Every line of the listing below is to be repeated exactly; the pictures stay out.

■ Input data ■
##########
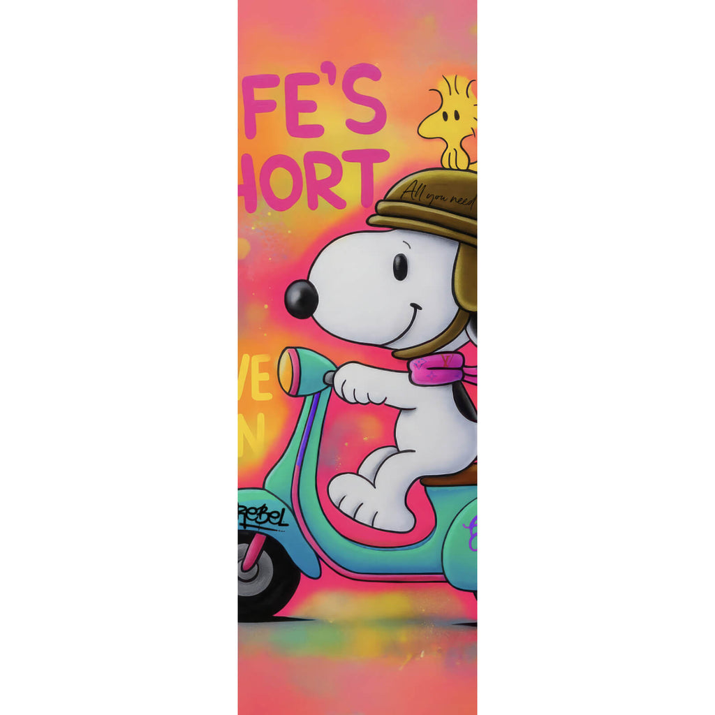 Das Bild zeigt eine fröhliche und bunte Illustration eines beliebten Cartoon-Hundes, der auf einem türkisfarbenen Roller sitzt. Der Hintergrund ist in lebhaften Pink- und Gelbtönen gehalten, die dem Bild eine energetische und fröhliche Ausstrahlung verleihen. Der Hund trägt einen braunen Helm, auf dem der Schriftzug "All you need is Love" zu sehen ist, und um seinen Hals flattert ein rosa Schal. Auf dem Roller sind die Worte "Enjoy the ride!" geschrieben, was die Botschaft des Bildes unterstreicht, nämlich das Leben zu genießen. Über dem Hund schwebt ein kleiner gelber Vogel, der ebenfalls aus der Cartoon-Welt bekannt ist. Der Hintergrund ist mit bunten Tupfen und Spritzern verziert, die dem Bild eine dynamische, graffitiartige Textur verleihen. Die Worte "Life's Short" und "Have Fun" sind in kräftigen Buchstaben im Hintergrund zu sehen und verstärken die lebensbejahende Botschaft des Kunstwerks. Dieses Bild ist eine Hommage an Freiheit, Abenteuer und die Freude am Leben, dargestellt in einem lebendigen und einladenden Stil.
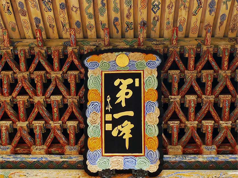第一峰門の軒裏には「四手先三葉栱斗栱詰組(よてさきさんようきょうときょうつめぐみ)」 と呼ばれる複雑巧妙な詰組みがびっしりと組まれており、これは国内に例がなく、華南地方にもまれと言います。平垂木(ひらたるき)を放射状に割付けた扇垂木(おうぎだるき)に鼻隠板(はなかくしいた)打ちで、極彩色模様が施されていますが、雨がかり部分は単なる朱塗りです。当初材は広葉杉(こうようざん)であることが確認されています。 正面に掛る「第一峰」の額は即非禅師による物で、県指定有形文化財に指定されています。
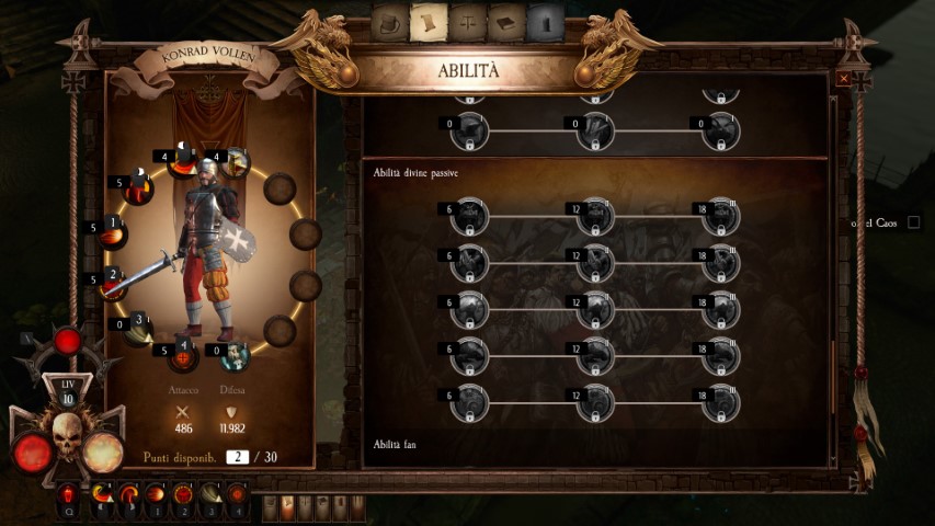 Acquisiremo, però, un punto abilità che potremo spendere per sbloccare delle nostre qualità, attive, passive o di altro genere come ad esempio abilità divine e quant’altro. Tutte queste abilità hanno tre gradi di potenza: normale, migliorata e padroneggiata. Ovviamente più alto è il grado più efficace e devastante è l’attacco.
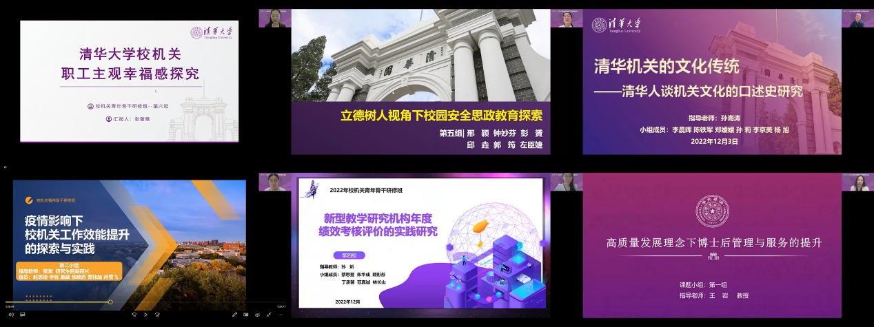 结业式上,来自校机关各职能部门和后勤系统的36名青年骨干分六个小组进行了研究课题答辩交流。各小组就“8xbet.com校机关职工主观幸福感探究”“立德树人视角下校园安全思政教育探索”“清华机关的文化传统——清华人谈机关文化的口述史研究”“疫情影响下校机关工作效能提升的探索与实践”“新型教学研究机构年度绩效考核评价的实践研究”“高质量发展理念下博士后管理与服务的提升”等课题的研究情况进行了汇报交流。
##########
■ Exercise result ■
 Das Bild zeigt eine fröhliche und bunte Illustration eines beliebten Cartoon-Hundes, der auf einem türkisfarbenen Roller sitzt. Der Hintergrund ist in lebhaften Pink- und Gelbtönen gehalten, die dem Bild eine energetische und fröhliche Ausstrahlung verleihen. Der Hund trägt einen braunen Helm, auf dem der Schriftzug "All you need is Love" zu sehen ist, und um seinen Hals flattert ein rosa Schal. Auf dem Roller sind die Worte "Enjoy the ride!" geschrieben, was die Botschaft des Bildes unterstreicht, nämlich das Leben zu genießen. Über dem Hund schwebt ein kleiner gelber Vogel, der ebenfalls aus der Cartoon-Welt bekannt ist. Der Hintergrund ist mit bunten Tupfen und Spritzern verziert, die dem Bild eine dynamische, graffitiartige Textur verleihen. Die Worte "Life's Short" und "Have Fun" sind in kräftigen Buchstaben im Hintergrund zu sehen und verstärken die lebensbejahende Botschaft des Kunstwerks. Dieses Bild ist eine Hommage an Freiheit, Abenteuer und die Freude am Leben, dargestellt in einem lebendigen und einladenden Stil.
第一峰門の軒裏には「四手先三葉栱斗栱詰組(よてさきさんようきょうときょうつめぐみ)」 と呼ばれる複雑巧妙な詰組みがびっしりと組まれており、これは国内に例がなく、華南地方にもまれと言います。平垂木(ひらたるき)を放射状に割付けた扇垂木(おうぎだるき)に鼻隠板(はなかくしいた)打ちで、極彩色模様が施されていますが、雨がかり部分は単なる朱塗りです。当初材は広葉杉(こうようざん)であることが確認されています。 正面に掛る「第一峰」の額は即非禅師による物で、県指定有形文化財に指定されています。
 Acquisiremo, però, un punto abilità che potremo spendere per sbloccare delle nostre qualità, attive, passive o di altro genere come ad esempio abilità divine e quant’altro. Tutte queste abilità hanno tre gradi di potenza: normale, migliorata e padroneggiata. Ovviamente più alto è il grado più efficace e devastante è l’attacco.
 结业式上,来自校机关各职能部门和后勤系统的36名青年骨干分六个小组进行了研究课题答辩交流。各小组就“8xbet.com校机关职工主观幸福感探究”“立德树人视角下校园安全思政教育探索”“清华机关的文化传统——清华人谈机关文化的口述史研究”“疫情影响下校机关工作效能提升的探索与实践”“新型教学研究机构年度绩效考核评价的实践研究”“高质量发展理念下博士后管理与服务的提升”等课题的研究情况进行了汇报交流。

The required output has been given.